GHOSTS & SCHOLARS 5 (1983)
Wendy Adrian Wees Editor - Rosemary Pardoe
Editorial Consultants - David Rowlands & Harold Cranford
A Haunted Library Publication
CONTENTS –
"Introduction" by Rosemary Pardoe
"Conkers" by David G. Rowlands
(I'd previously read this in THE BEST OF GHOSTS & SCHOLARS, so I'll paraphrase what I said in my comments on that collection.)
An appearance from Father O'Connor, this time narrating his own tale of a recent trip to the Essex village of Little Bradbury, where tradition insists that the local horse-chestnut trees are to be treated with respect. While there, his mind is cast back to a previous visit, just before the Second World War, where he found there was more to the tradition than mere superstition.
This story features a "guest appearance" from "Mary Anne Allen's" church restorer character, Jane Bradshaw. The Little Bradbury tradition that as long as the trees stand, the coast is safe, is a nice echo of the legend of the Three Crowns of Anglia in "A Warning To The Curious".
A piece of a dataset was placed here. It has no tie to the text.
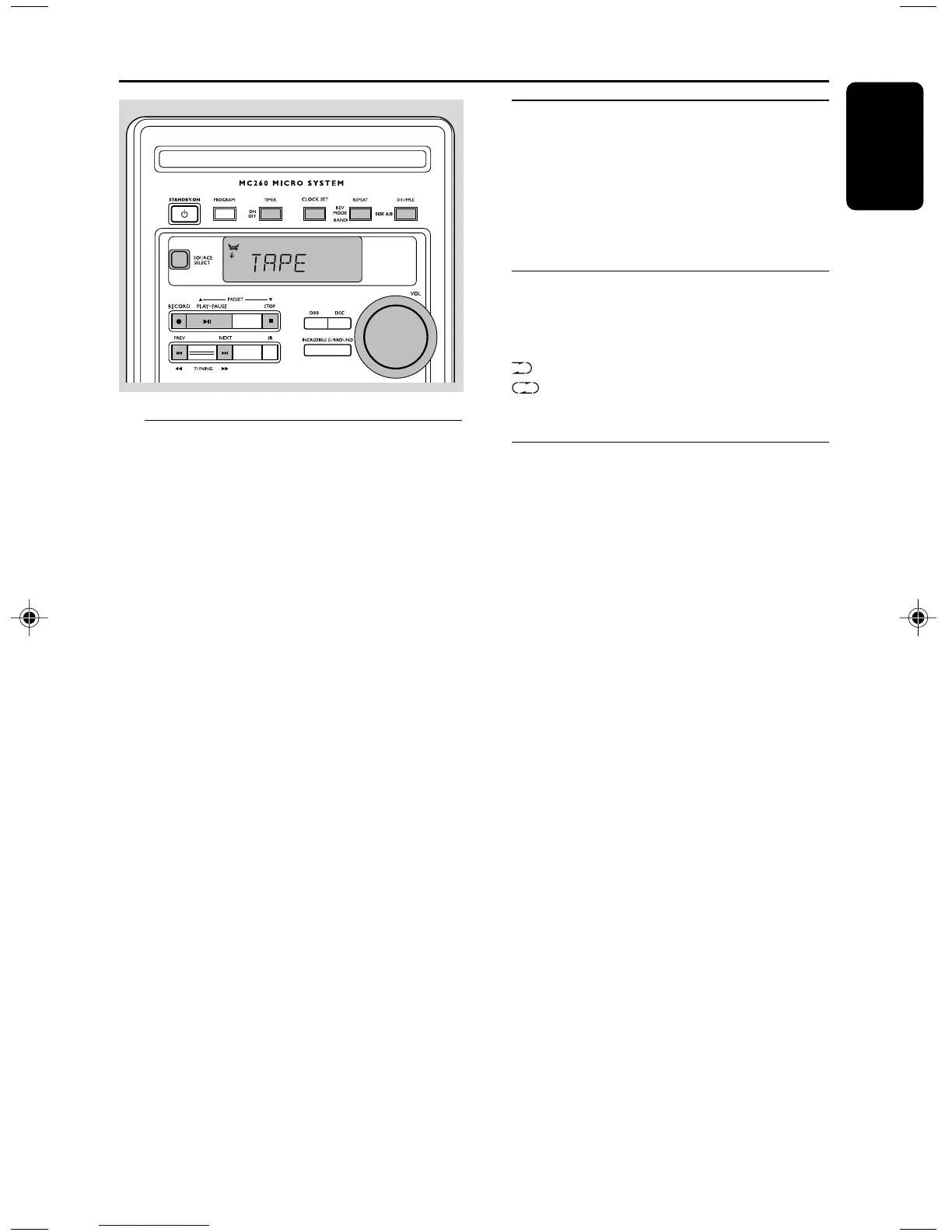 1 Select TAPE source.

"The Gravedigger and Death" by Mary Ann Allen
Following her guest starring role in the previous tale, Jane Bradshawe is front and centre in this tale of a pair of painted figures that stand sentry on the door of the church in South Tilford - one clearly a gravedigger, the other, seemingly, Death itself. But as Jane sets about restoring the paintings, she discovers an old legend of the gravedigger who was instructed to remove a stone from the churchyard 'held in heathen awe by the local people', and the dreadful 'guardian' that hounded the man to his death.
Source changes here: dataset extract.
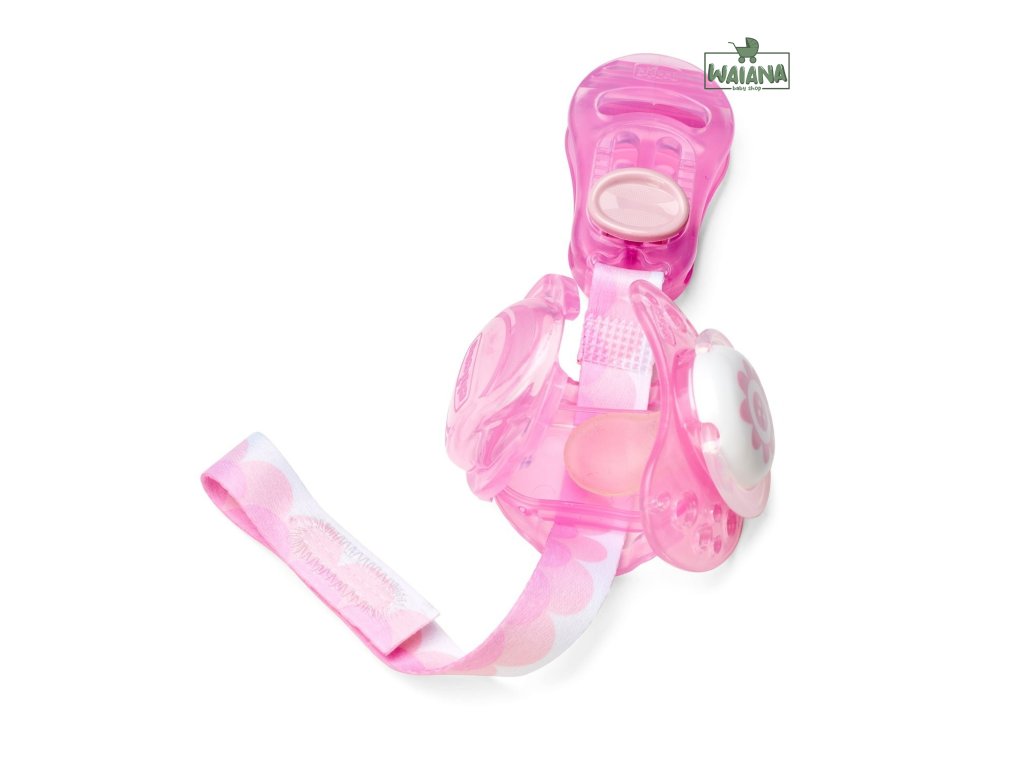 Hygiena:Súčasťou držiaka je praktické puzdro, ktoré slúži na hygienické uloženie cumlíka, keď ho dieťa nepoužíva.Puzdro chráni cumlík pred nečistotami.

"The Alabaster Bowl" by Kelvin I. Jones
The narrator's father, Dr John Gray, has disappeared mysteriously and, according to his manservant, Davies, Dr Gray's behaviour before his disappearance was equally mysterious. Many of the artefacts he had gathered from his explorations were sold off, or else smelted down by the servants under orders from their master. But Davies refused to destroy a peculiar alabaster bowl with golden figures and the shape of a winged serpent and, after Gray had sent him away for a few days, returned to find the explorer gone and, in his bed, a crushed and twisted piece of flesh, like an earthworm, 'only much, much bigger'.
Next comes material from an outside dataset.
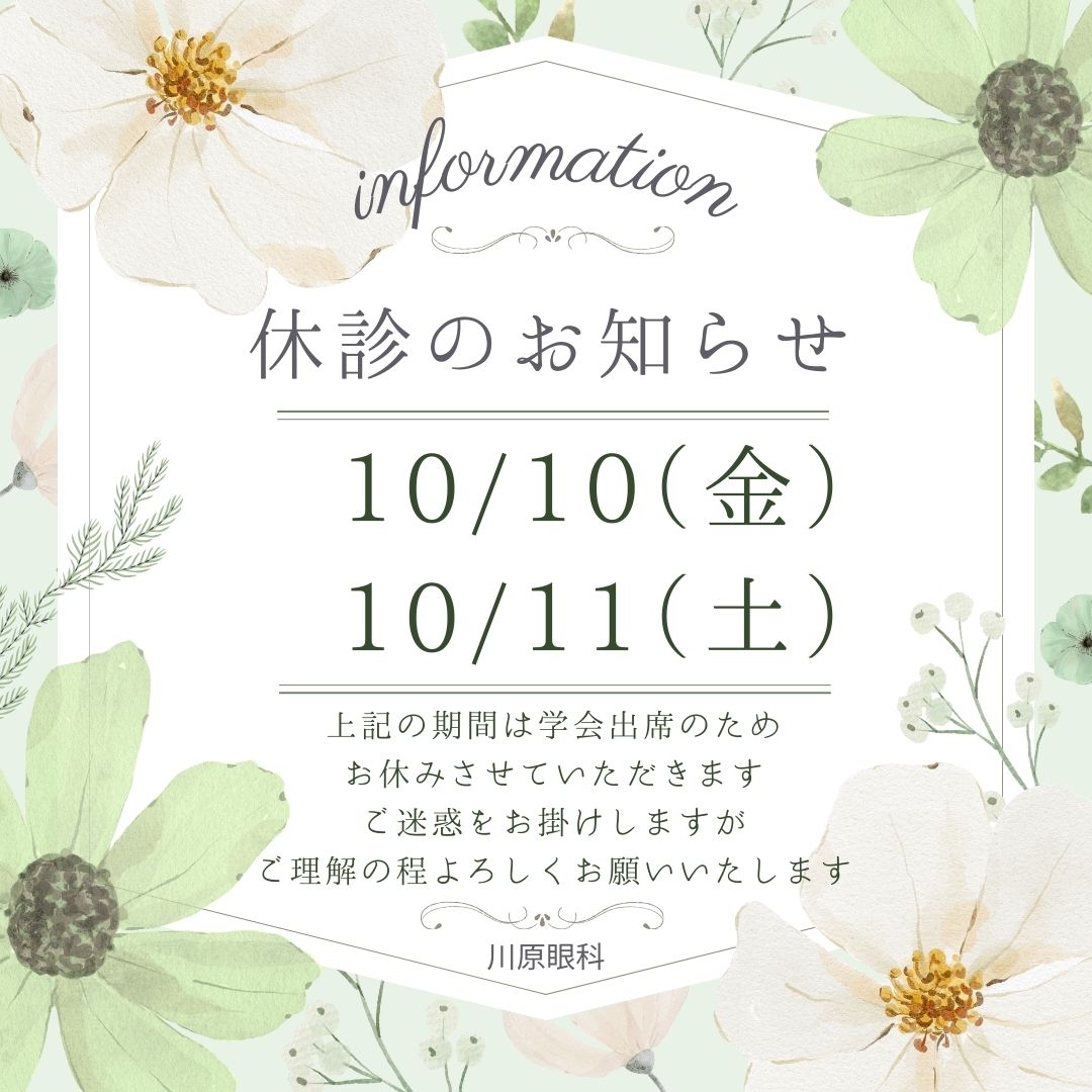 10/10(金)、10/11(土) 院長学会出席のため休診

"Mawnan Rectory" by Dave Reeder
Before taking up his place at Oxford, our narrator takes himself off to Devon to stay with an old family friend, Septimus Flagg. Casual talk of 'revenants' leads the old chap to recount how, as children living in the local rectory, he and his brother had once seen a strange figure in their bedroom door at night. Years later, his father had told the story of the 'squire parson' Richard Tregarron, a tyrant who had reigned in terror over the village, and the curse laid on him by the father of a child Tregarron had forced himself upon.
(According to the postscript, this story is based on a true account from the author's own family.)
"Noel Boston: Master Antiquarian" by Mike Ashley
Another article on 'writers in the James tradition' - Although he published several books, Noel Boston, Vicar of Dereham, wrote only one volume of ghost stories, "Yesterday Knocks". Like MRJ, he wrote them mainly for his own amusement. Also like MRJ, he was a scholar and antiquarian. That single collection of ghost stories was privately printed, but the contents were revived by Boston's friend, Lionel Fanthorpe for "Supernatural Stories". Fanthorpe also claimed 'that Canon Boston had actually seen the Holy Grail' (presumably not referring to the Monty Python film).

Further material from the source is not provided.